About this exercise:
The line containing "- Выпекается такой" marks the end: extract everything from the first line of the data through that line, exactly, with no pictures.

Exercise data:
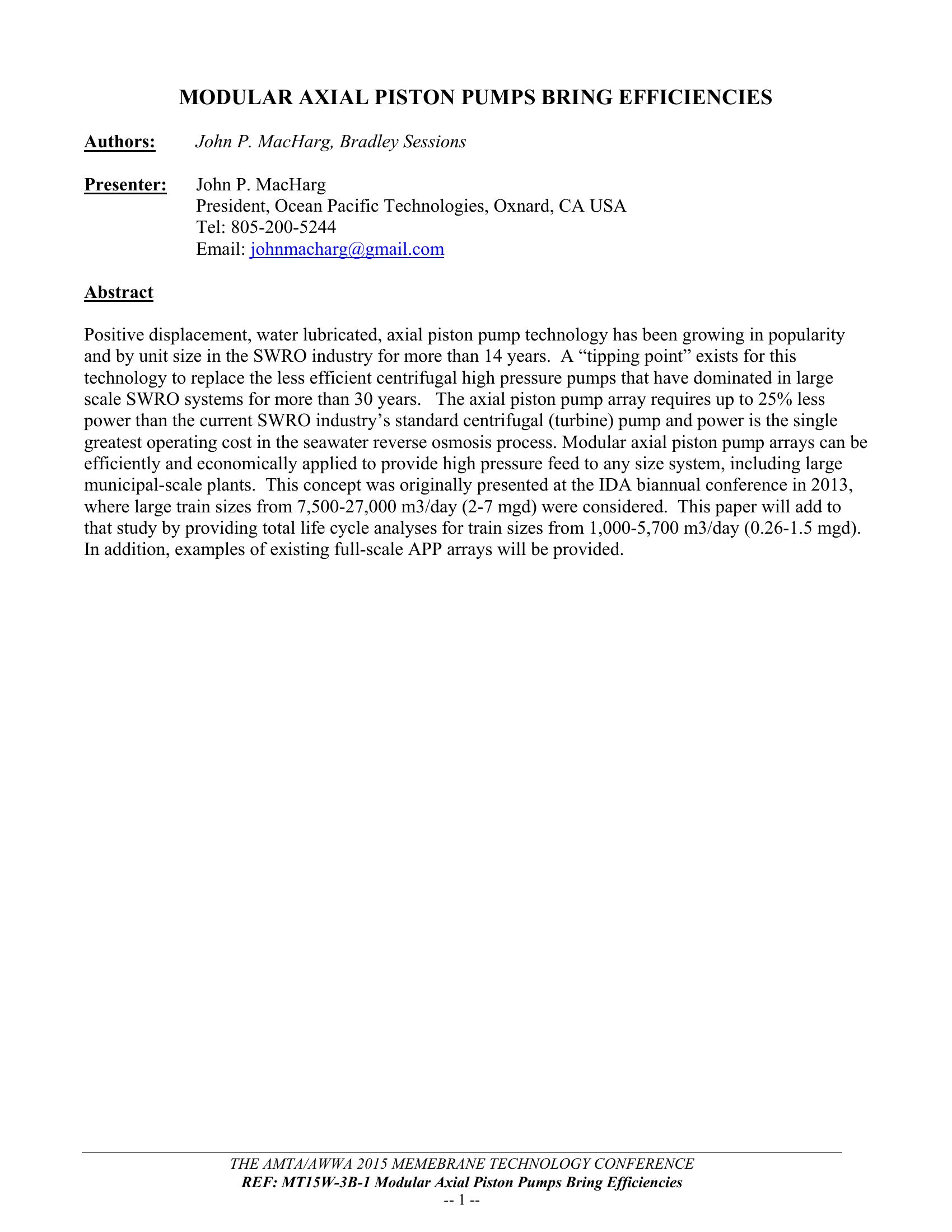 Life cycle cost analysis and application review of water lubricated Axiel Piston (AP) positive displacement pumps vs. centrifugal (turbine) pumps with energy recovery devise (EDR) in SWRO systems.
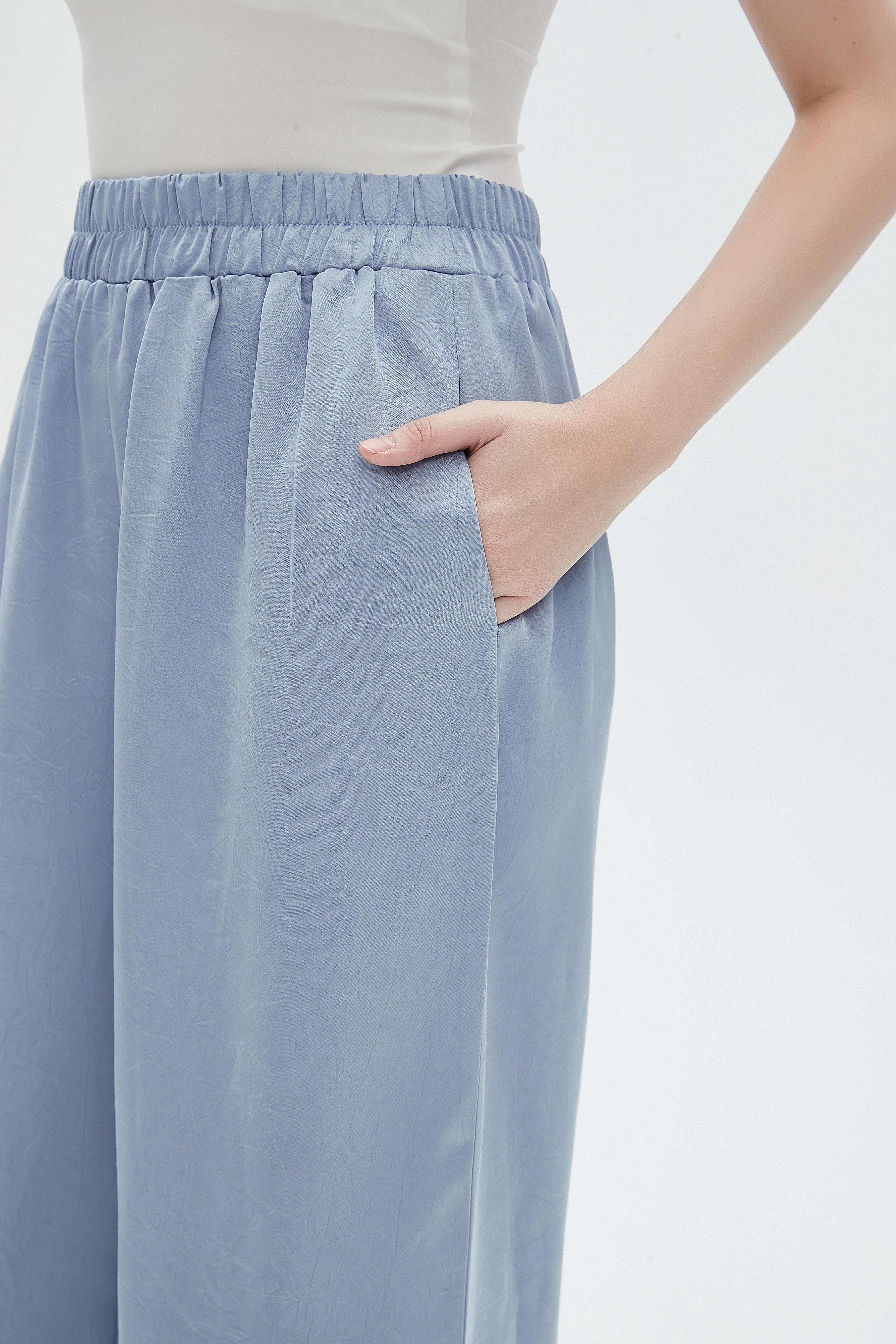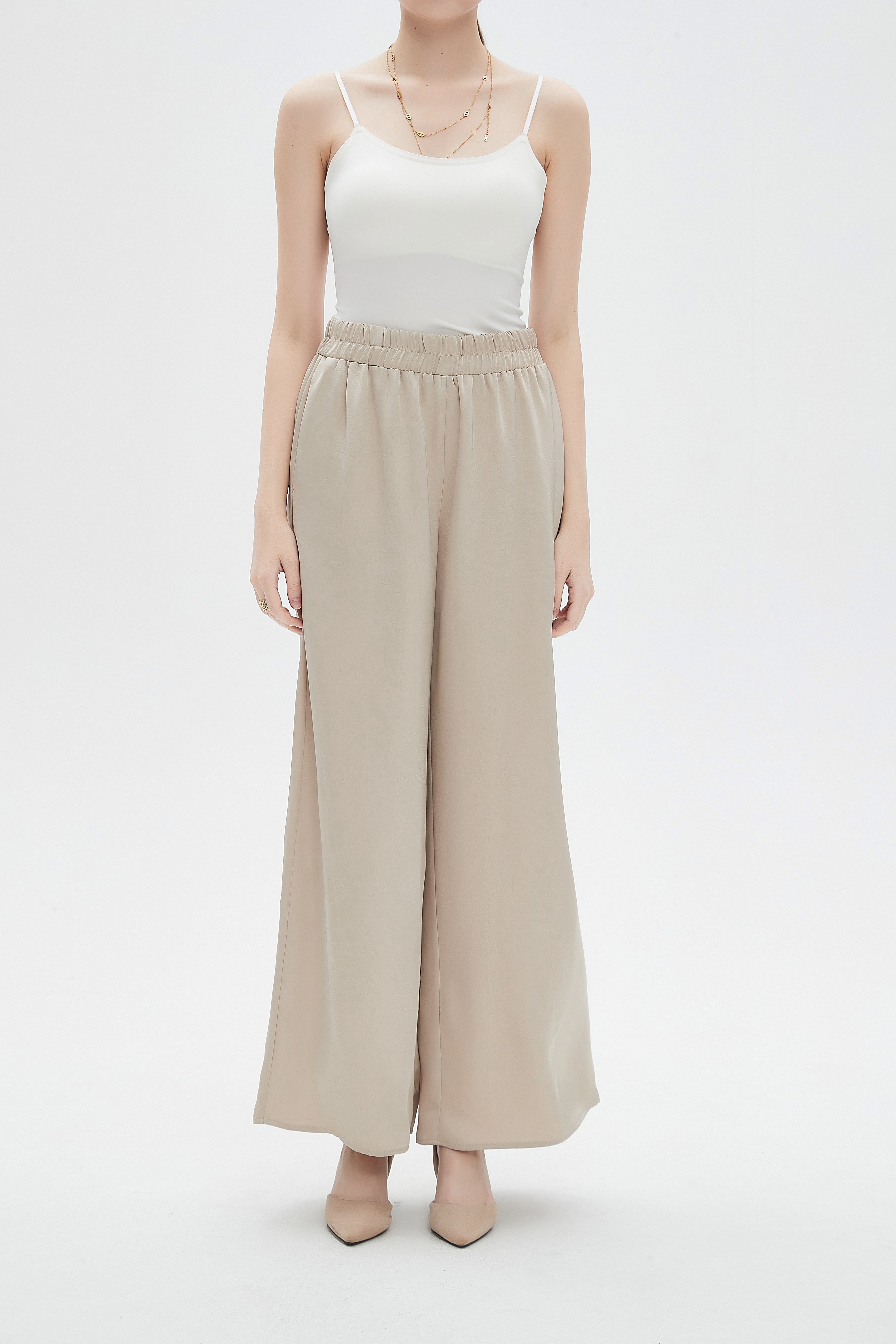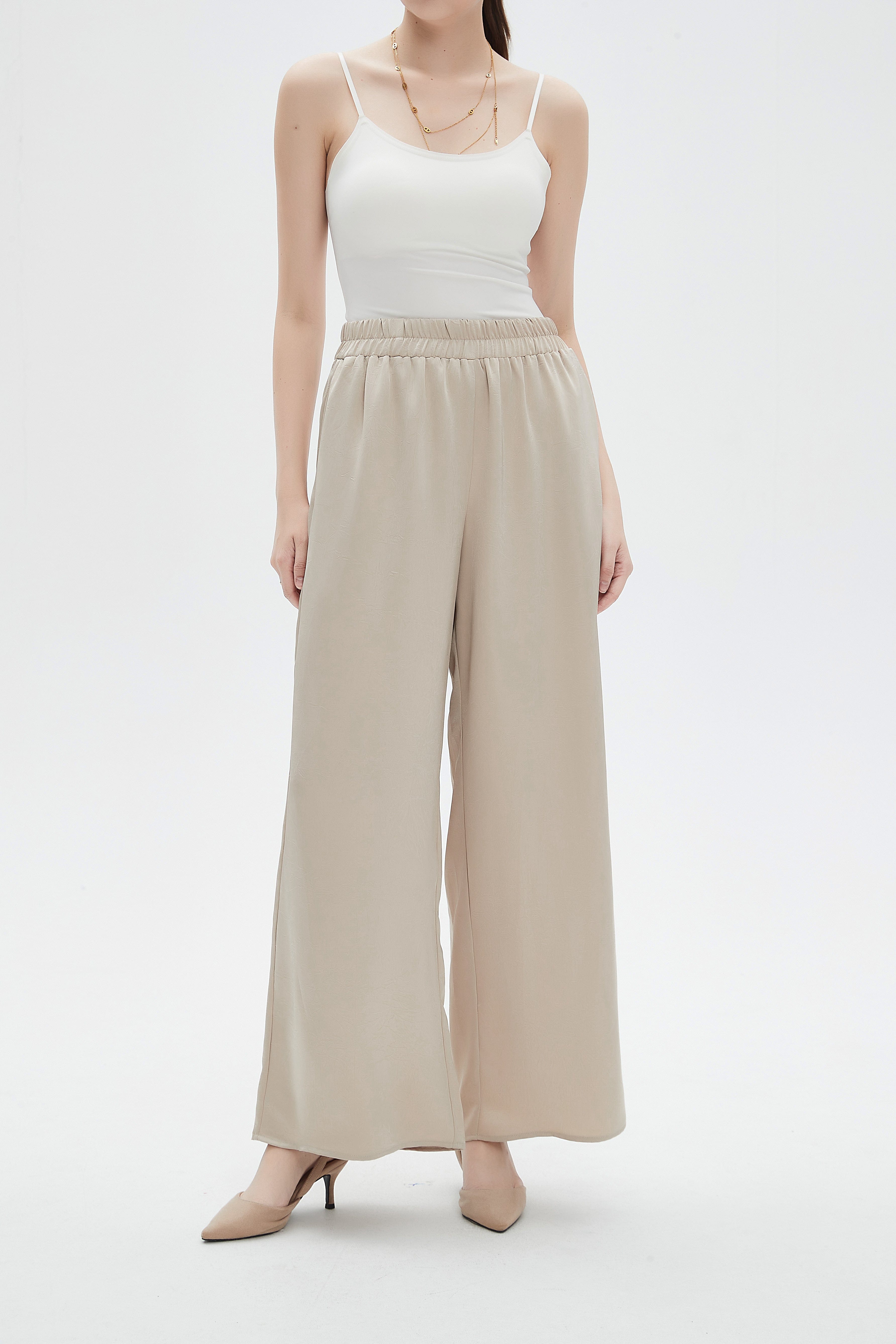 Solid High-Waist Wide-Leg Pants
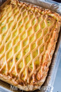 - Выпекается такой пирог при температуре 200° в режиме конвекции около 30 минут – лучше ориентироваться на румяный цвет.
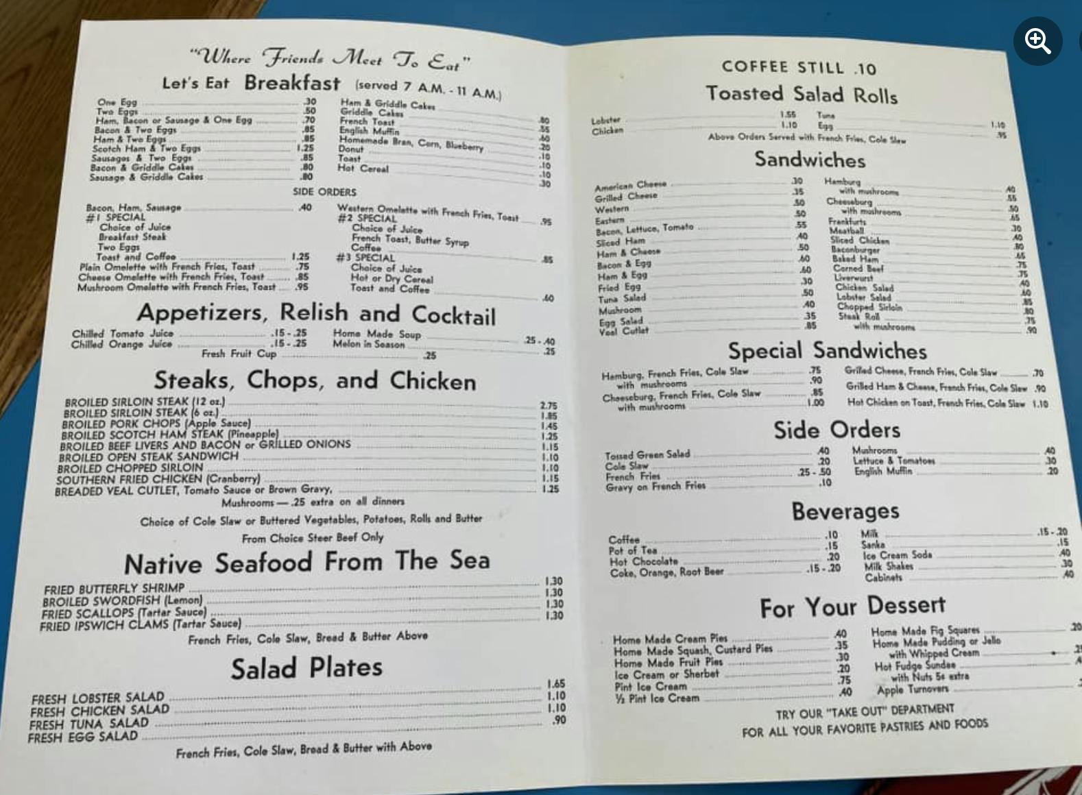 GET THE LATEST BREAKING NEWS HERE -- SIGN UP FOR GOLOCAL FREE DAILY EBLASTThere was baked stuffed shrimp for $5.25. Broiled sirloin was $2.75. And at that point, coffee was "still ten cents."

Response box:
 Life cycle cost analysis and application review of water lubricated Axiel Piston (AP) positive displacement pumps vs. centrifugal (turbine) pumps with energy recovery devise (EDR) in SWRO systems.
 Solid High-Waist Wide-Leg Pants
 - Выпекается такой пирог при температуре 200° в режиме конвекции около 30 минут – лучше ориентироваться на румяный цвет.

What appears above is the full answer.